All in all an excellent day and a week later I have processed a number of the files which I have included in this post. Andy requested that we send him some images which hopefully might be chosen to appear on his own website or blog.

Street shadows
This photograph is all about the shadows and how the light is creating lines and shapes which I think work well as a composition.


Autumn leaves

Autumn leaves
I have focused on the leaf which was catching the light and in processing emphasised the focal point of the image by darkening (dodging) the leaves around it.
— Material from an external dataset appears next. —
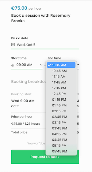 Sometimes, there are cases where you want to have a basic length for a booking and then different lengths for subsequent time slots. For instance, a listing could feature 75 minute private yoga class with the option to extend it for 30 minutes at a time. In those cases, you need to create different handling for the first time slot, i.e. the first start and end boundaries.

Taken in the Royal Crescent. The curvature in the railings, their shadows, the path and the cobbled road all work well together. The background is thrown out of focus, so its not a distraction.



The couple
I took this shot in The Royal Crescent whilst experimenting with different aperture settings to control depth of field. I completely mis-focused but in its own way the result is still rather pleasing.



Lace curtain
Here I like interplay of the lace curtain, the railings, so typical of Bath, and their shadows on the wall.



Bath railings
This photograph was taken with a large aperture opening, reducing the depth of field. I like the way the lens has rendered the railings and the buildings which are out of focus, but still have an important part to play in the overall image.



Walking in the light
There are so many little side streets in Bath, it would take a long time to get to know them well, but this one is rather pretty and the lady walking in the light brings life to the image.



Mysterious character
This shot was taken on the fly. I noticed this interesting man walking along, so I lifted up my camera and pressed the shutter. I panned a little and the shutter speed fortunately added movement without losing detail. I particularly like his shadow and the reflection of the sash window on the right of the picture.



Into the light
Andy was keen that we all tried to take shots directly into the low sun. In this instance I have pre-focused a few feet in front of me and used a wide aperture, so the background is blurred. The rim highlights on the man are an essential ingredient.
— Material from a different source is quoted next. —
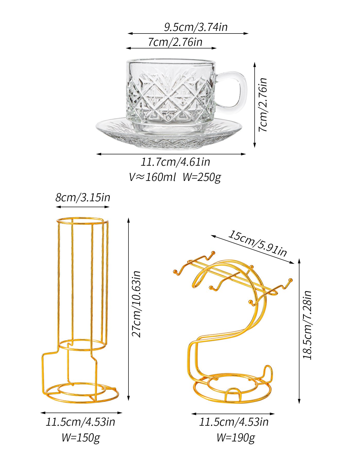 Convenient Storage: Comes with a golden metal rack that can hold multiple cups and saucers, keeping your tableware organized and saving space in your kitchen or dining area.

The artist and her husband
There is something which really appeals to me about this shot. It’s not staged but I did talk to the couple and asked for their permission to take a photograph as they sat in the park enjoying their retirement. This was the best of the half or dozen or so I took. They told me they are both artists. She is sketching with pastels whilst his expression, has character with patience, as he waits for her to finish her work.



Alongside the canal path
This photograph illustrates what I was trying to achieve on the course, i.e. working with a shallow depth of field to emphasise the foreground interest but not to lose all the detail of the bridge in the background.



The tunnel
Like the previous shot, a wide aperture opening and focusing on the foreground interest. Exposure wasn’t easy with this shot but the highlights haven’t blown. The blurred figure adds human interest and draws the eye.



The photographer
This is not Andy, nor anyone in our group, but I couldn’t resist taking this shot of a photographer with all his gear and the ever patient ‘Westie’ for companionship .

11 Responses to “ABC of Camerawork course with Andy Beel in Bath”

  1. stevenjwillard

    I envy your network of fellow photographers. I had thought when we moved here that I would be able to take advantage of the close proximity to NY City and all that implies, but it didn’t work out that way.
    Great site, and many images I would be proud to have made.